### WHAT IS NEEDED
From the line with "Long-term and successful" to the last line of the data below, repeat every line exactly and add nothing.

### GIVEN RECORDS
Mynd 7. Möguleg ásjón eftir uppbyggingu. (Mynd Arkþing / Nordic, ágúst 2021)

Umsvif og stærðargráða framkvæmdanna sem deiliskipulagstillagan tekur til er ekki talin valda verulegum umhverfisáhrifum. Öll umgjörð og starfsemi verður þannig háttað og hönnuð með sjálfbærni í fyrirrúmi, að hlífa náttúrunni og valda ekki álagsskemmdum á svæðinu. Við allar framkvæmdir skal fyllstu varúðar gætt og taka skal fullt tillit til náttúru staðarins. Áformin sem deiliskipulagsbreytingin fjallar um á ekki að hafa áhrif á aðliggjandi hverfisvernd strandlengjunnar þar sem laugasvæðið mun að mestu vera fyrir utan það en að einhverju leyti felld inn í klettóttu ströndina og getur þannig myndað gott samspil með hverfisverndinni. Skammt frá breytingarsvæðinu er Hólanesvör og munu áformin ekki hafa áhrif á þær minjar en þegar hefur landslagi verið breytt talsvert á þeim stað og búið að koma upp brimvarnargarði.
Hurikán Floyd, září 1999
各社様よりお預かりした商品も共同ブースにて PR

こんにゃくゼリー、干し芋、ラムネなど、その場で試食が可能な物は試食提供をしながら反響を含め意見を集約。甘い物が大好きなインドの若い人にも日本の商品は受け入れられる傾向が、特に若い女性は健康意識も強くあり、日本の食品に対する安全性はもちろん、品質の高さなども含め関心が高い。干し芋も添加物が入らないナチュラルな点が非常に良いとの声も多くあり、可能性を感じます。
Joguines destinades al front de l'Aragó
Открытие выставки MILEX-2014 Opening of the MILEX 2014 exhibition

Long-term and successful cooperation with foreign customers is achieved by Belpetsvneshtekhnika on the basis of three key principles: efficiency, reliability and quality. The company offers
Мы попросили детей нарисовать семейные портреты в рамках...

### FINISHED EXERCISE
Long-term and successful cooperation with foreign customers is achieved by Belpetsvneshtekhnika on the basis of three key principles: efficiency, reliability and quality. The company offers
Мы попросили детей нарисовать семейные портреты в рамках...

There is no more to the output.